26 de setembro de 2014 | 02h01
Buscando resolver um problema, o governo criou outro. Ao informar, na segunda-feira, que usaria R$ 3,5 bilhões em recursos aplicados no Fundo Soberano do Brasil (FSB) para pagar parte dos juros da dívida pública, o governo queria evidenciar ao mercado que será cumprida a meta do chamado superávit primário deste ano. A manobra curiosa, no entanto, tem sido criticada internamente e, hoje, o governo está longe de um consenso sobre o uso do FSB nesse malabarismo fiscal.

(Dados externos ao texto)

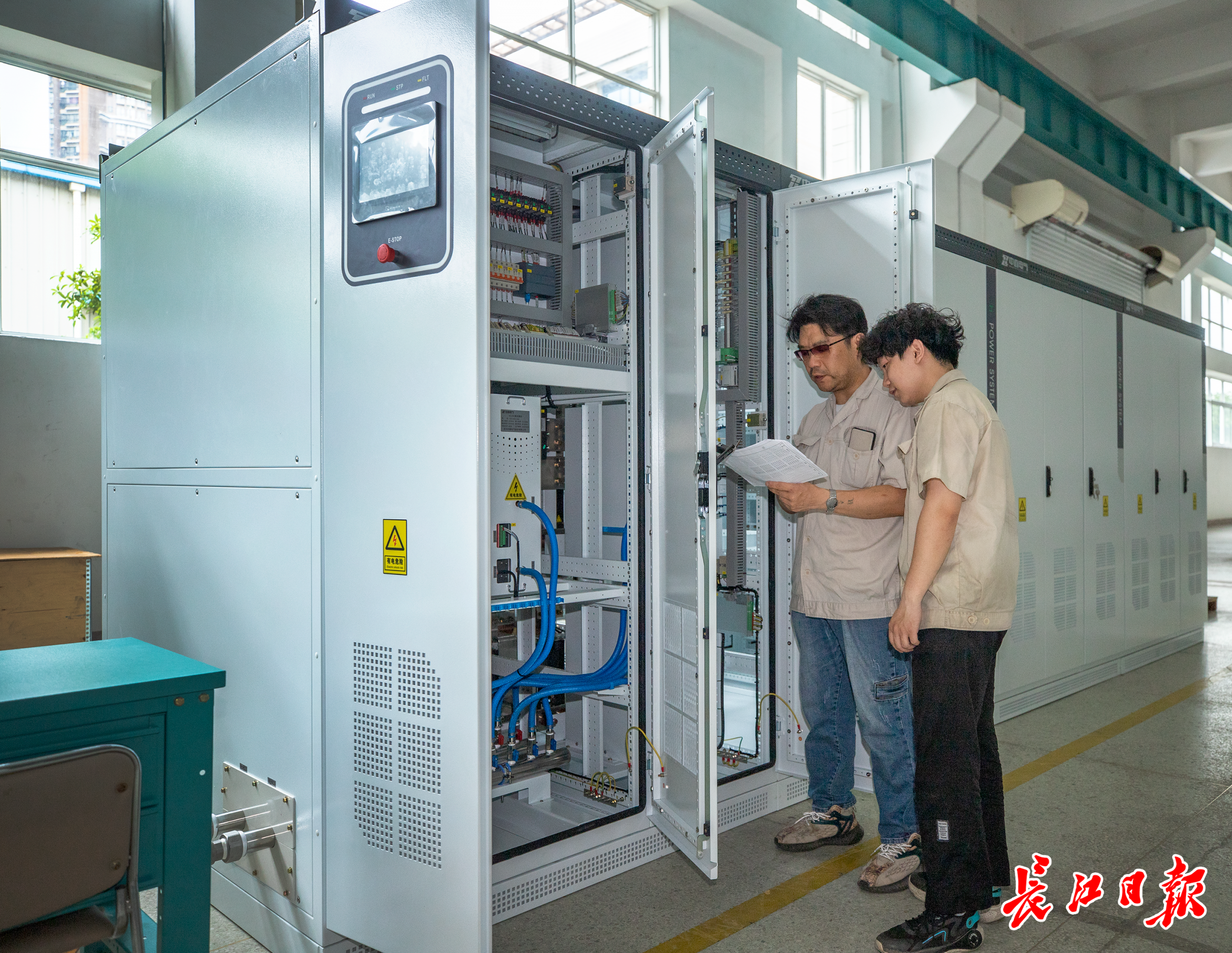 长江日报记者在长兴集团生产车间看到,这是一台长6米、深1.4米、高2.2米的外形如“大铁柜”的设备。工作人员正对其进行量产前的调试。这位工作人员介绍,这只“大铁柜”就是制氢电源,它可将风力发电机和光伏板发出的交流电,转换成制氢所需的直流电。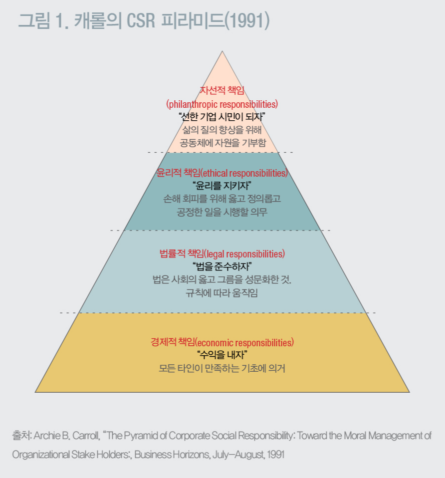 기업의 사회적 책임(Corporate Social Responsibility) 이론 1991년, 미국의 캐롤(Archie B. Carroll)은 1991년 기업의 사회적 책임의 단계를 규명한 (그림1) CSR 피라미드를 발표했다. 기업의 사회적 책임을 각각 경제적, 법률적, 윤리적, 자선적 책임으로 분류한 이 피라미드는, 기업활동이 두 가지 이상의 영역을 충족시킬 때, 영역이 중첩되는 경우를 표현하는 데 한계가 있었다.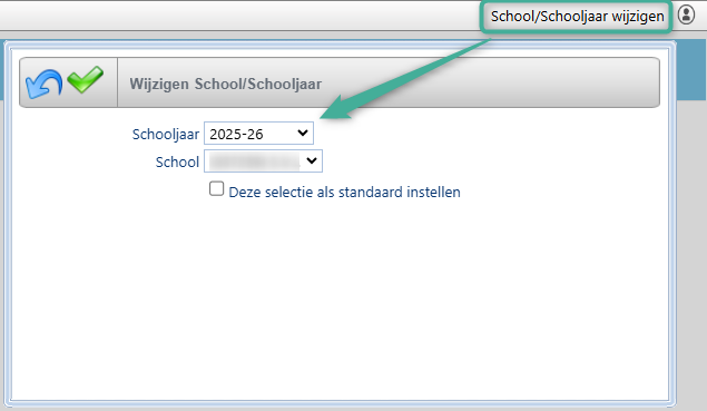 Via 'School/schooljaar wijzigen' kan je nagaan of het nieuwe schooljaar reeds geïnitialiseerd is.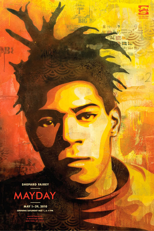 Deitch Projects is pleased to present May Day, an exhibition of new work by Shepard Fairey, as its final project. Titled not only in reference to the day of the exhibition’s opening, the multiple meanings of May Day resonate throughout the artist’s new body of work. Originally a celebration of spring and the rebirth it represents, May Day is also observed in many countries as International Worker’s Day or Labor Day, a day of political demonstrations and celebrations coordinated by unions and socialist groups. “Mayday” is also the distress signal used by pilots, police and firefighters in times of emergency.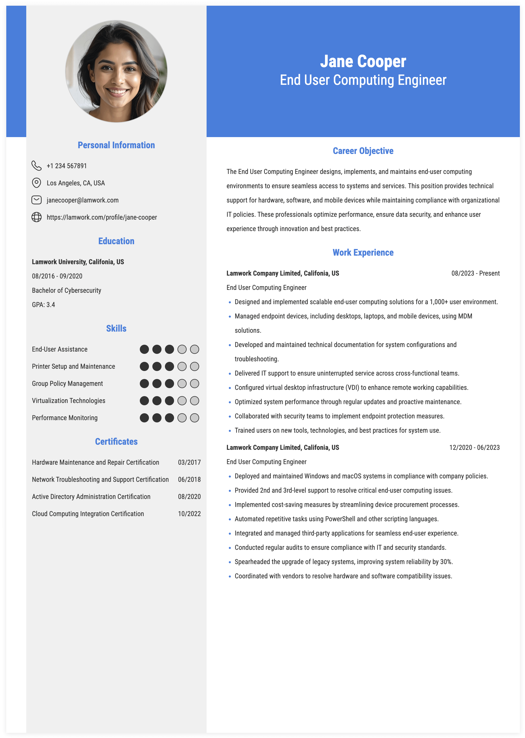 END USER COMPUTING ENGINEER RESUME EXAMPLE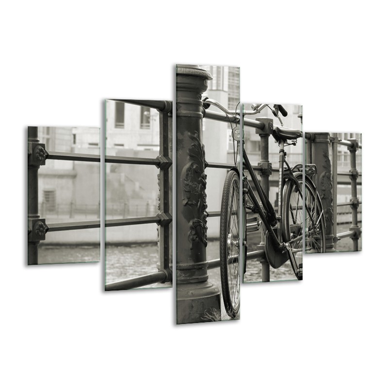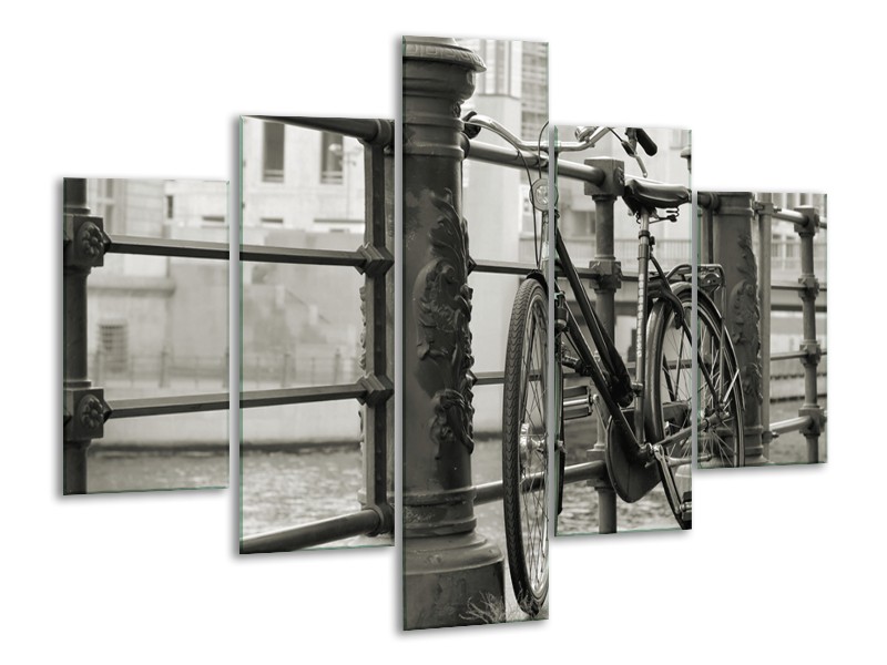 Canvas Schilderij Fiets | Grijs, Zwart | 100x70cm 5Luik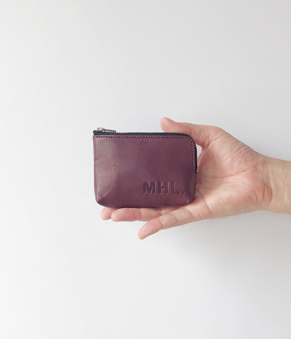 MHL.から、BASIC LEATHER POUCH Mが入荷しました。牛革製の小型ポーチ。L字にラウンドしたファスナーで出し入れもスムーズに。Sサイズよりひとまわり大きい定番のサイズ感で、こまごました収納から、カード等の収納にもぴったりです。ミニマムな財布としても◎。MHL.の型押しロゴが目印です。

Há divisões claras no governo. Parte da equipe econômica tem argumentado nos bastidores que o governo deve manter os recursos do Fundo Soberano como estão, isto é, aplicados nos papéis do Banco do Brasil, e simplesmente assumir que a meta fiscal não será cumprida. Nesse caso, o calendário é favorável: como o resultado final das contas públicas só é conhecido em janeiro, essa admissão ficaria para a nova equipe, em caso de segundo mandato, ou para um novo governo.
O governo será obrigado a revisar a estimativa para o déficit da Previdência. No último relatório orçamentário, a previsão foi levemente elevada a um rombo de R$ 40,6 bilhões. Este número, no entanto, continua fora da realidade, segundo especialistas em contas fiscais. Técnicos do próprio governo já admitem que o déficit será muito superior e deve rondar R$ 55 bilhões. Essa "piora" da Previdência colocará em xeque a meta fiscal, e, para o grupo que defende a manutenção do Fundo Soberano como está, os R$ 3,5 bilhões que seriam sacados em nada ajudariam.
Outro grupo no governo, no entanto, entende o oposto. Em 2012, o governo lançou mão pela primeira vez do Fundo Soberano, como forma de atingir a meta fiscal. Nos últimos dias daquele ano, o Tesouro montou uma triangulação que envolveu a passagem de R$ 12,5 bilhões em ações da Petrobrás de posse do Fundo Soberano para o BNDES e, deste, para a Caixa.
Feita no apagar das luzes e com pouca transparência, essa triangulação foi duramente criticada pelo mercado financeiro e por investidores, que apelidaram o expediente de "contabilidade criativa".
Com menos dinheiro no caixa do Fundo Soberano, justamente por causa da operação de 2012, uma parte relevante dos técnicos entende que a operação deve ser repetida. Até dezembro, se as ações do BB se valorizarem, a fatia hoje estimada em R$ 3,5 bilhões pode ser elevada e, assim, "ajudar" mais o fraco esforço fiscal de 2014.
O Estado apurou que a própria presidente Dilma Rousseff intercedeu na discussão entre técnicos e autoridades dos Ministérios da Fazenda e do Planejamento, além do Tesouro Nacional, sobre a inclusão da operação no relatório de despesas e receitas orçamentárias, divulgado na segunda-feira.
Dilma foi favorável à ideia de usar os R$ 3,5 bilhões do FSB, atualmente aplicados em ações do BB, para reforçar o superávit primário. Mas, para isso, o governo terá de montar uma estratégia para se desfazer dessa quantidade de ações com direito a voto do banco público.
Um movimento de venda imediatamente reduziria o valor das ações do Banco do Brasil por causa da grande oferta. Dificilmente a União abriria mão desse ativo. Mas, mesmo que vendesse, sua participação no BB não seria reduzida porque as ações não entram na conta desde que passaram ao Fundo Soberano. Procurado, o BB não se pronunciou.